# Performance problems: Quartering



## Charles (Jan 2, 2008)

A while ago we sent to a fellow steamer a kit for an Accucraft GS-4 including combination levers and ball bearing rods for DIY install. Recently the engine was sent to us due to performance issues: wheels would not rotate. We found two issues: 
1) #3 driving wheel out of quarter (one side of the wheel could be turned by hand around the axle) Note that the counterweight is not parallel with the one on the other driver.











The wheel to the right with smaller counterweight is the one in question. 

In order to fit the wheel into the quartering jig, the axle ends needed to be center drilled and cored. This was accomplished on the lathe with the standard 3 Jaw chuck and a #1 center drill. Be sure to use generous amounts of cutting oil to keep the stainless cutting smoothly. 

Most newer Accucraft (and all Aster) engines come with the axle ends hollowed out for use in a taper point quartering jig. These are easy enough to make, and for those wanting a simplier solution, there are commercially available ones such as the kit available from Metalsmith in the UK. This one can be setup for either right or left hand lead by simply flipping and swapping the endplates.
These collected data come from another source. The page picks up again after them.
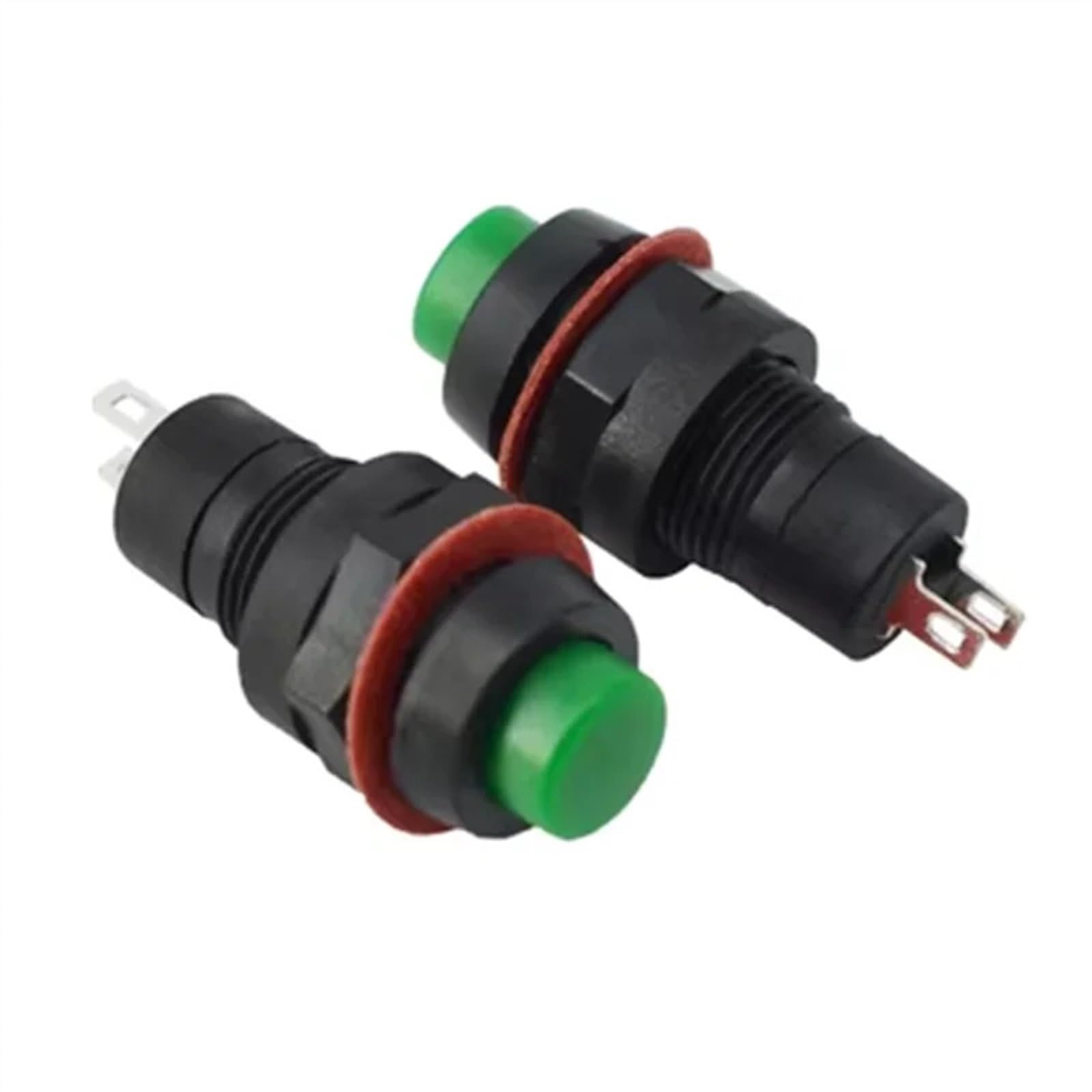 Bouton poussoir momentané ds-213 vert de 10 mm avec 2 broches, idéal pour les projets électroniques. Tension de fonctionnement de 12V, facile à intégrer.
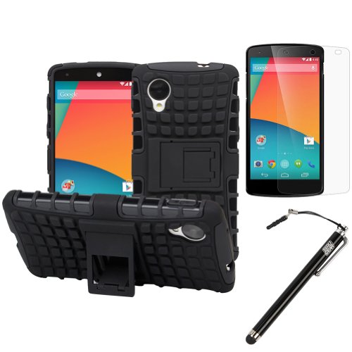 Evecase Noir Coque Arrière en TPU et Plastique Caoutchoutée Très Forte pour LG Google Nexus 5 Smartphone avec Support + FILM PROTECTION ECRAN + Stylet.
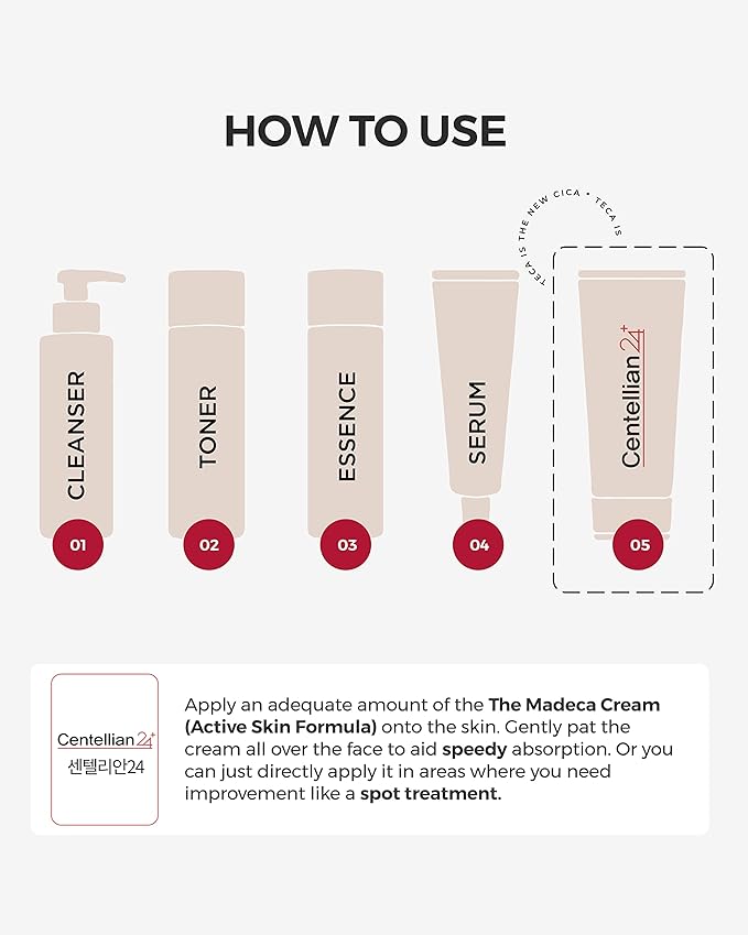 - CENTELLIAN 24 MADECA CREAM (SEASON 5, 50ml/1.7fl oz) - TECA (titrated extract of centella asiatica) and centella asiatica, coupled with hyaluronic acid, collagen, elastin, ceramide, and phospholipids help soothe and calm sensitive skin.
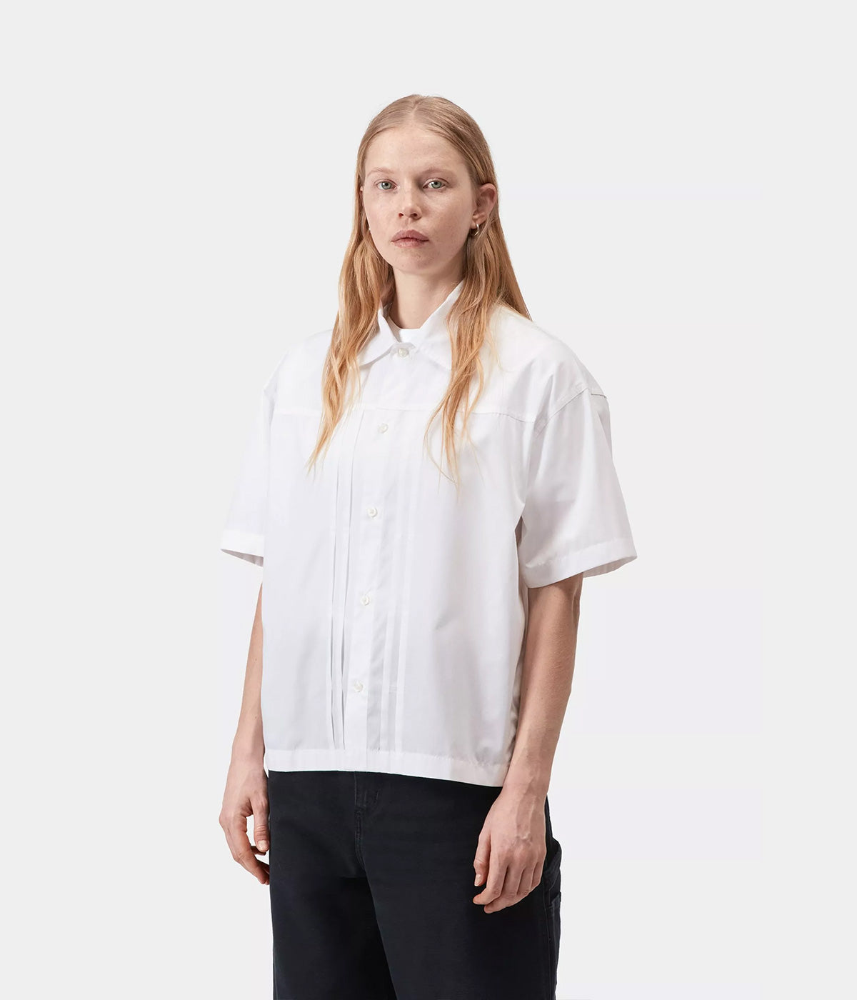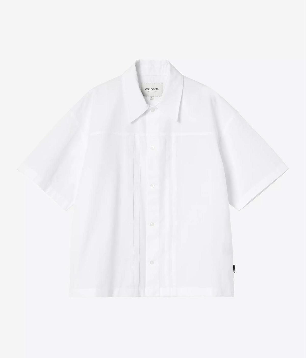 The Women's S/S Belmont Shirt is made of lightweight polycotton poplin, has a loose fit and has been washed for extra softness. There are box pleats on the front and a further pleat on the back. A flag label finishes the garment.

2) The OEM rod bearings had been rat-tail filed out to compensate for quartering issue at the factory, evident in the 1st and 3rd set of rods, look at the smaller bearing. Roller (ball) bearing rods shown for reference of the proper diameters.











Having completed the quartering of the one wheel the new update rod with roller bearing installed rolled freely and smoothly. Now it will run and can be timed correctly with the additional of the combination lever kit











The thing to remember when updating/upgrading an engine; make sure to check all related parts to ensure smooth operation with little drag or binding.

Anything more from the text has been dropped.